JP2010169304A - Control device for ice making machine - Google Patents

Abstract

<P>PROBLEM TO BE SOLVED: To provide a control device for an ice making machine capable of reducing production of soft ice. <P>SOLUTION: This control device 100 for the auger-type ice making machine 10 including a compressor 24 connected with an evaporator 20 for cooling the inside of an ice making section 14, and an ice making machine motor 18 for rotating and driving an auger 12 incorporated in the ice making section 14, performs the control to start the ice making machine motor 18 after the compressor 24 is started, in starting an ice making operation. The temperature of the evaporator 20 from the start of the compressor 24 to the start of the ice making machine motor 18 is kept and controlled at -5 to 5°C, and the temperature of the evaporator 20 just after the start of the ice making machine motor 18 is controlled to be quickly lowered. <P>COPYRIGHT: (C)2010,JPO&INPIT

Description

  The present invention relates to an ice making machine control device.

  Conventionally, in an auger type ice making machine that manufactures ice blocks of a predetermined shape, an ice making machine control device that performs ice making by simultaneously starting an ice making motor and a compressor at the start of ice making operation is known (for example, Patent Document 1).

  FIG. 3 is a side sectional view showing an example of such an auger type ice making machine. As shown in FIG. 3, the auger type ice making machine 1 includes an ice making cylinder 3 incorporating an auger 2 made of a screw-like rotary cutting blade, an ice storage chamber 4 connected to the upper part of the ice making cylinder 3, and the auger 2. It consists of an assembly with an ice making machine motor 5 that is driven, and the ice that has thinly formed on the surface of the evaporator 7 on the inner wall of the ice making cylinder 3 connected to the compressor 6 is sent upward while being scraped by the auger 2 and cut by the fixed blade 8. Ice pieces are stored in the ice storage chamber 4.

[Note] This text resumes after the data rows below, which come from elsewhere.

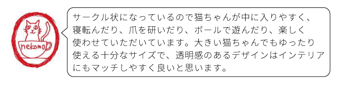 本体外側は曇りガラス状の加工を施し、猫ちゃんの爪や噛むことによる傷が付きにくく、また目立ちにくくなっています。逆にボールで遊ぶ内側はブライト加工(クリア加工)によって非常に透明度の高い処理となっています。これによって傷の付きにくさと遊び易さを両立しています。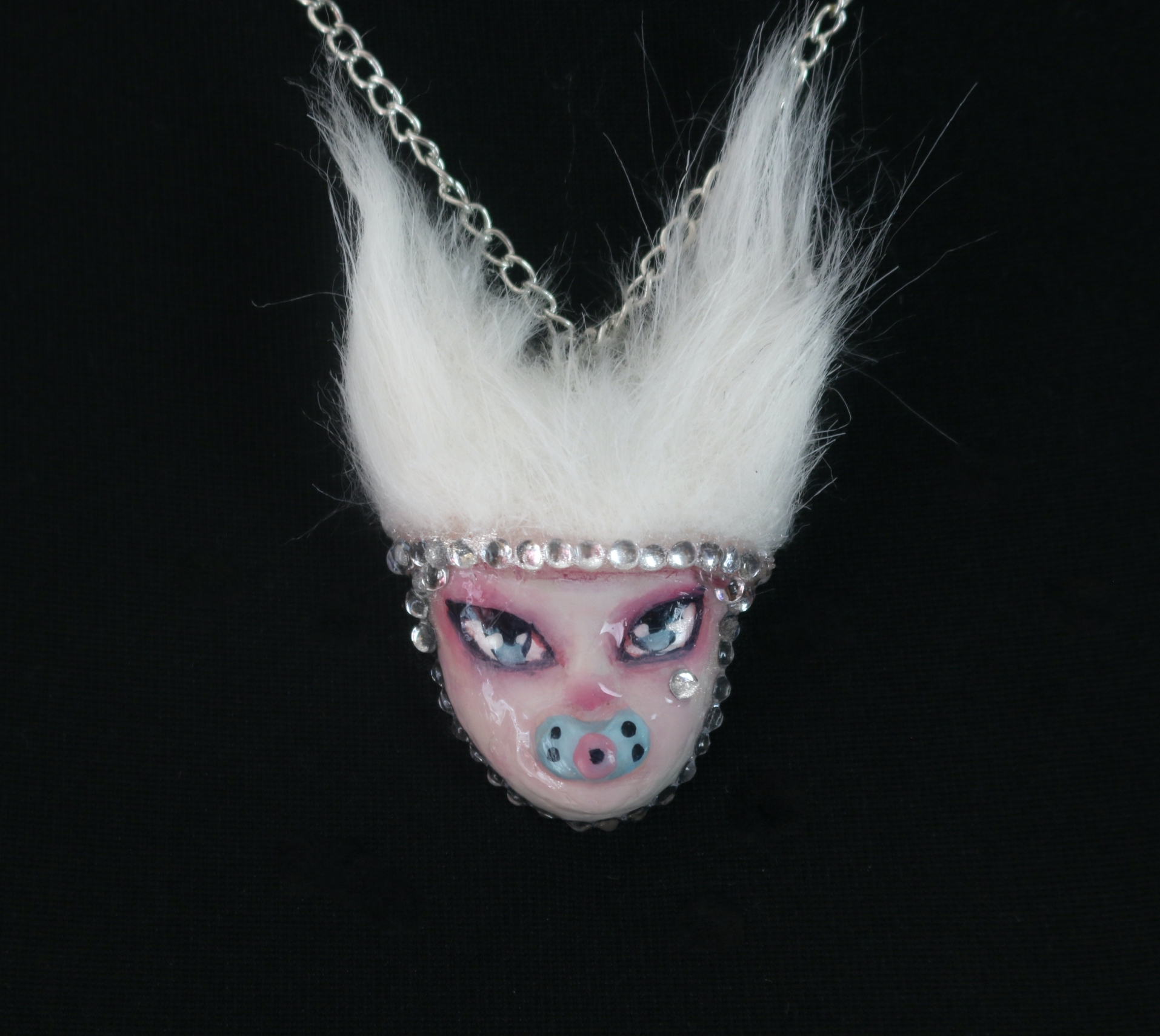 Handmade fluffy hybrid doll face baby necklace (unique)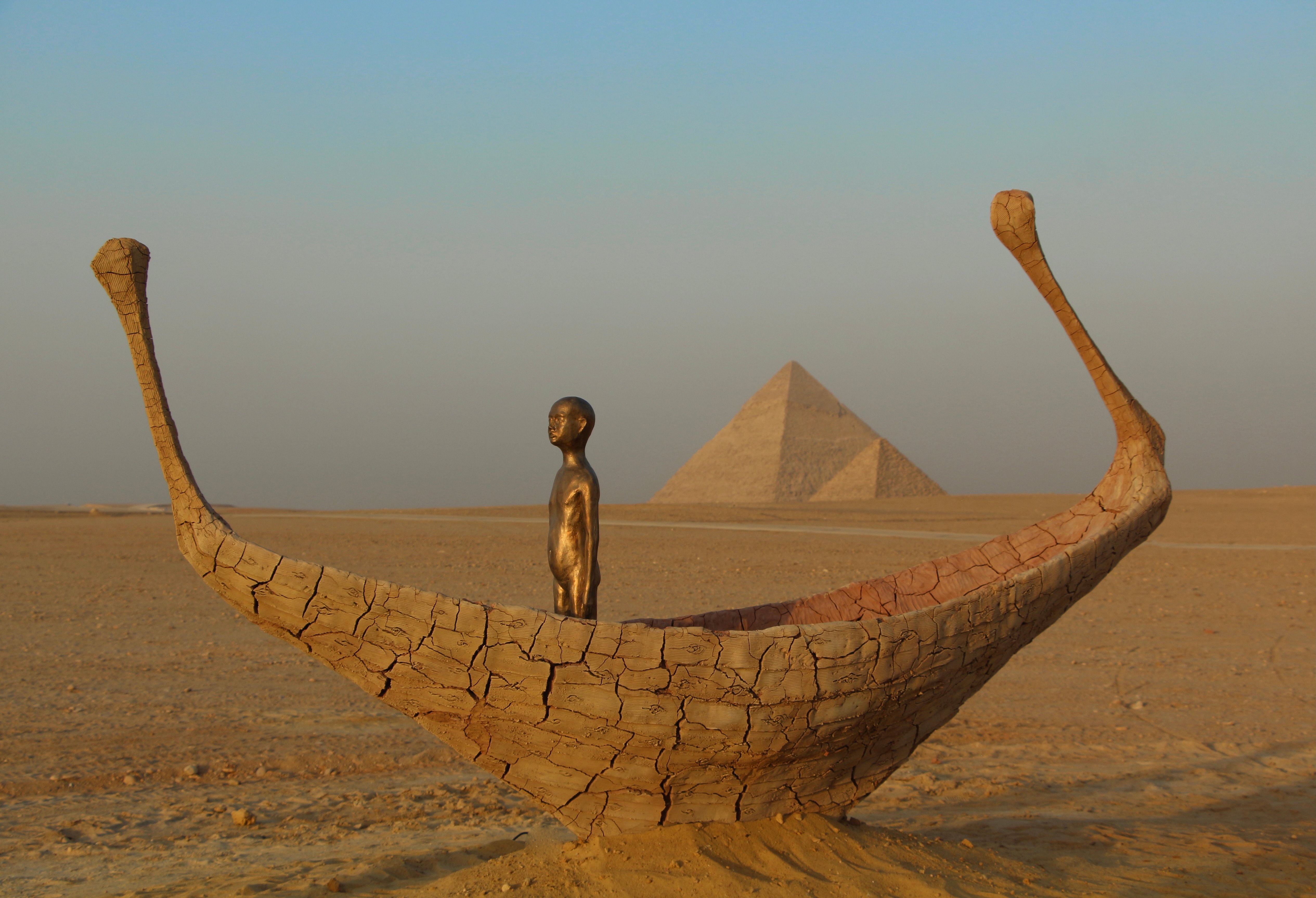 Made from Nile ochre clay, this traditional river boat with a solitary bronze figure was inspired by the solar barque of Khufu unearthed on the Giza Plateau, emblematic of boats buried near royal tombs that served as ritual vessels ferrying the resurrected across the skies. “The boat is a metaphor of life and death and East and West and looking from the West to the promise of the new,” explains Appriou who, as a child, dreamed of being an Egyptologist and often refers to Egyptian sculpture in his body of work. “The boat of Khufu is an iconic relic that has survived all these years. I wanted to do a special piece, very powerful, and it will disappear like the ephemeral quality of life.”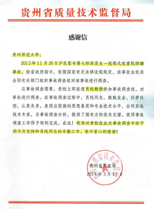 2013年11月26日沪昆客专第七标段发生一起塔式起重机倾翻事故,贵州省质量技术监督局会同有关部门组织事故调查组对该事故进行调查。应事故调查需要,公司立即派遣公司肖纯教授参加事故调查组。在事故调查过程中,肖纯老师兢兢业业、任劳任怨、认真负责,表现出较强的思想素质和专业技术水平,使得事故调查工作得予顺利完成。贵州省质量技术监督局专门来函对肖纯老师的辛勤工作表示衷心的感谢。在此,公司及公司一并对肖纯老师提出表扬。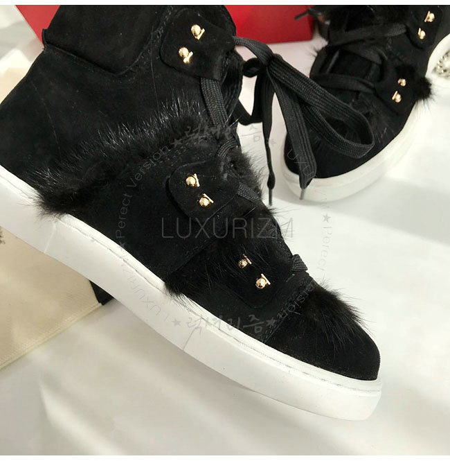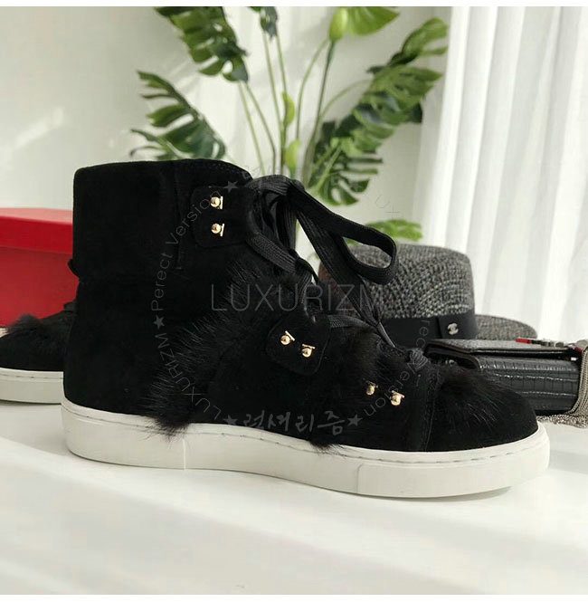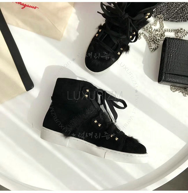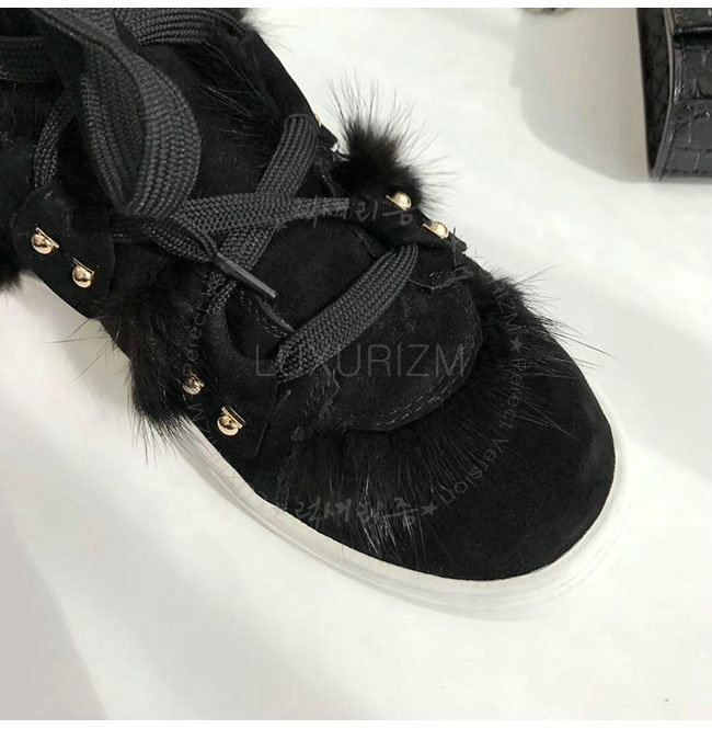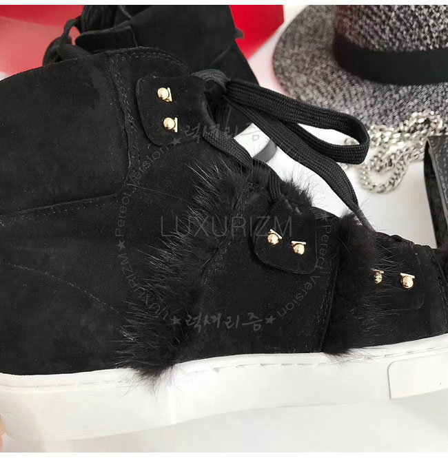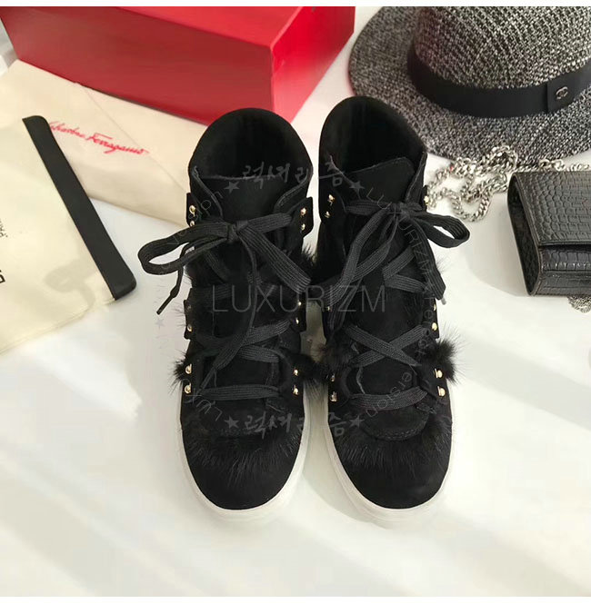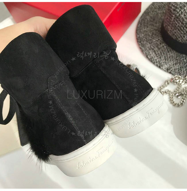 FERRAGAMO-035025 페라가모 블랙 스웨이드 가죽 밍크 털 하이 스니커 부츠 여성용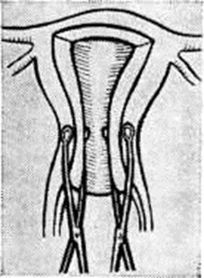 Лечение Гипотонические кровотечения должно быть направлено на быстрейшее восстановление нормальной моторной функции матки. При Гипотонические кровотечения, связанном с задержкой в полости матки частей плодного яйца, показано срочное удаление их рукой или с помощью большой тупой кюретки (смотри полный свод знаний Выскабливание, матки). Если патологическое кровотечение возникло в последовом периоде (кровопотеря 400 миллилитров и более), надо немедленно приступить к выжиманию плаценты, а при безуспешности — к ручному отделению и её удалению вместе с оболочками. Не следует применять в последовом периоде многократно методики наружного выжимания плаценты, так как они не гарантируют её удаления, а в то же время ухудшают сократительную функцию матки и увеличивают кровопотерю. Отделение и выделение плаценты в большинстве случаев приводит к восстановлению сокращений матки и остановке кровотечения, так как её удаление устраняет блокирующее влияние на моторную функцию матки плацентарного прогестерона. Рука, введённая в матку, не должна извлекаться сразу после удаления плаценты. Необходимо убедиться в восстановлении нормальных сокращений миометрия матки. При наличии гипотонии проводится массаж матки на кулаке (рисунок 1). Для этого матка смещается кулаком введённой руки кпереди, а второй рукой производят лёгкие её поглаживания через покровы передней брюшной стенки. Массаж должен проводиться бережно. Грубое механическое раздражение матки может привести к её травме и появлению обширных крупноочаговых кровоизлияний, которые резко ухудшат её и так нарушенную сократительную функцию. Одновременно с этим для стимуляции сокращения матки показано введение окситоцина или питуитрина (5—10 ЕД подкожно или непосредственно в миометрий). Хороший эффект оказывают эрготамин, эргометрин, эрготал и другие Передозировка указанных препаратов может вызвать парадоксальную реакцию миометрия матки, то есть ещё больше ухудшить её сократительную функцию. Иногда хороший эффект — усиление сократительной функции матки — наблюдается после помещения на низ живота пузыря со льдом. Рефлекторное сокращение матки при Гипотонические кровотечения можно также вызвать раздражением рецепторных полей шейки матки. Для этого в задний свод влагалища вводится на корнцанге тампон, смоченный эфиром. В комплексе с другими мероприятиями иногда хороший эффект оказывает поперечный шов на шейку матки по Лосицкой. Для этой цели используют толстый кетгут. Шов снимается через 12—20 часов. Предложены также различные методы электростимуляции матки. М. И. Медведева использовала для целей стимуляции переменный ток напряжением 5—10 вольт, а З. А. Чиладзе — разряд постоянного тока напряжением 4000 вольт. При продолжающемся кровотечении показано применение метода Бакшеева, при котором с помощью окончатых щипцов (3—4 с каждой стороны) производится клеммирование боковых отделов матки. Одна бранша зажима вводится в полость матки, а другая в боковой свод на область сосудистого пучка (рисунок 2). При сдавлении сосудов уменьшается, а иногда полностью прекращается Кровотечение. Хороший эффект достигается и при сдавлении маточных сосудов зажимами, наложенными на область параметрия через боковые своды влагалища (метод Генкеля — Тиканадзе). И. Е. Тиканадзе предложил заменить щи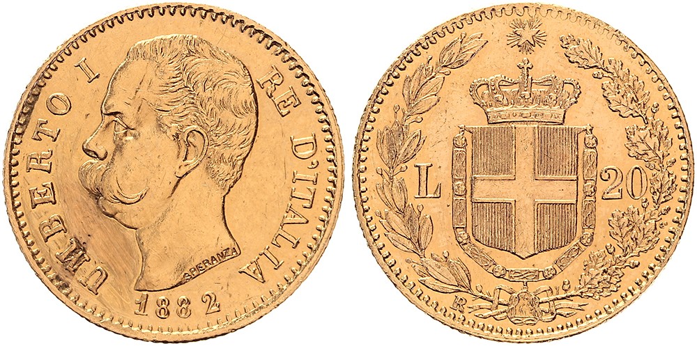 20 Lire 1882. Fr. 21; KM 21. Cleaned. EF.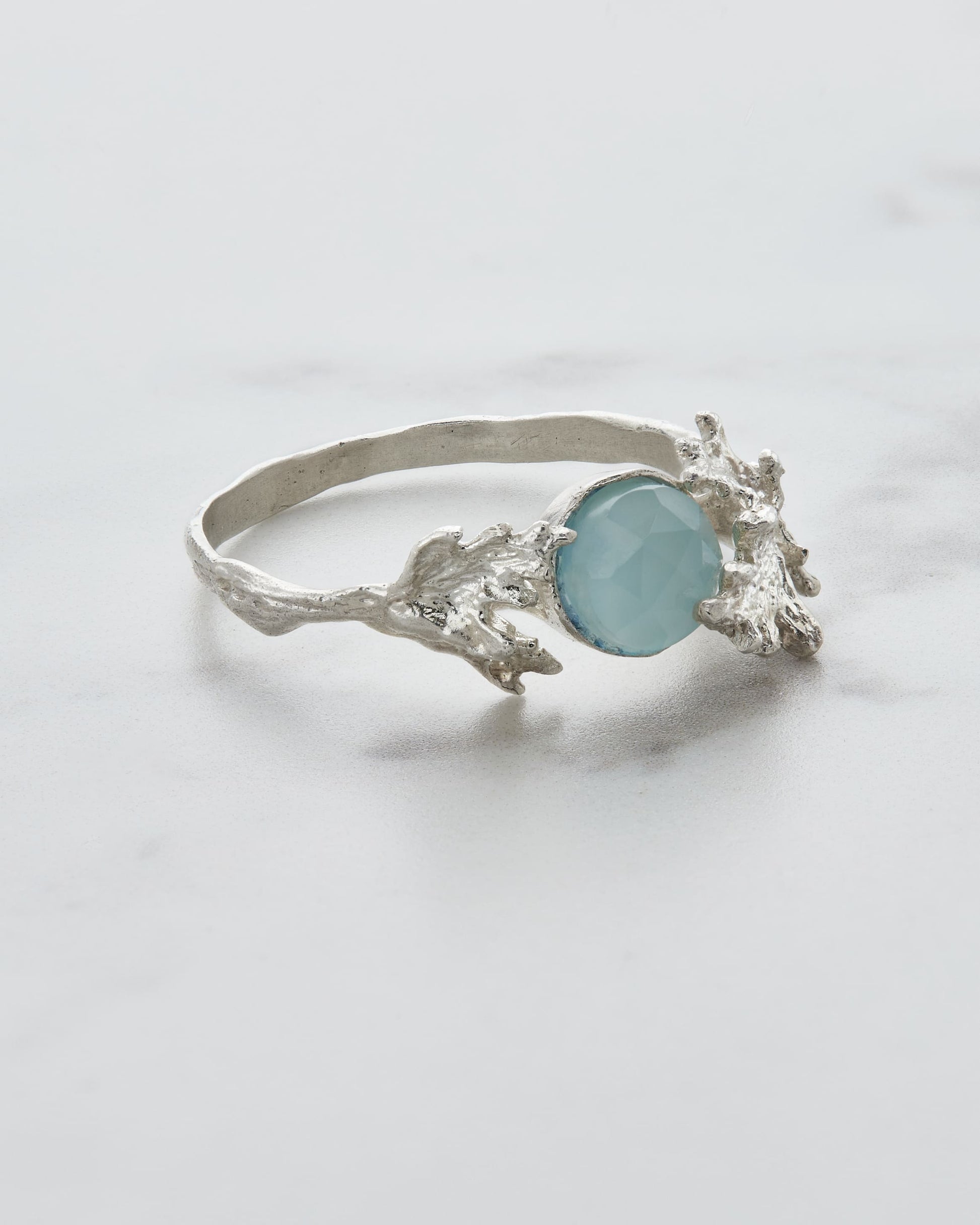 The drop of a moonstone hides under a white carved leaf.

  The ice storage chamber 4 is a cylindrical heat insulating container, and includes a discharge door for discharging ice pieces (not shown) opened in a lower peripheral surface thereof. The ice storage chamber 4 is provided with a vertical rotation shaft 9 connected to the upper end of the auger 2, and a plurality of agitators 9 a projecting radially from the rotation shaft 9. During the ice making operation, the agitator 9a that rotates in conjunction with the auger 2 stirs the ice pieces in the ice storage chamber 4 to prevent the ice pieces in the ice storage chamber 4 from welding to form a large ice block. .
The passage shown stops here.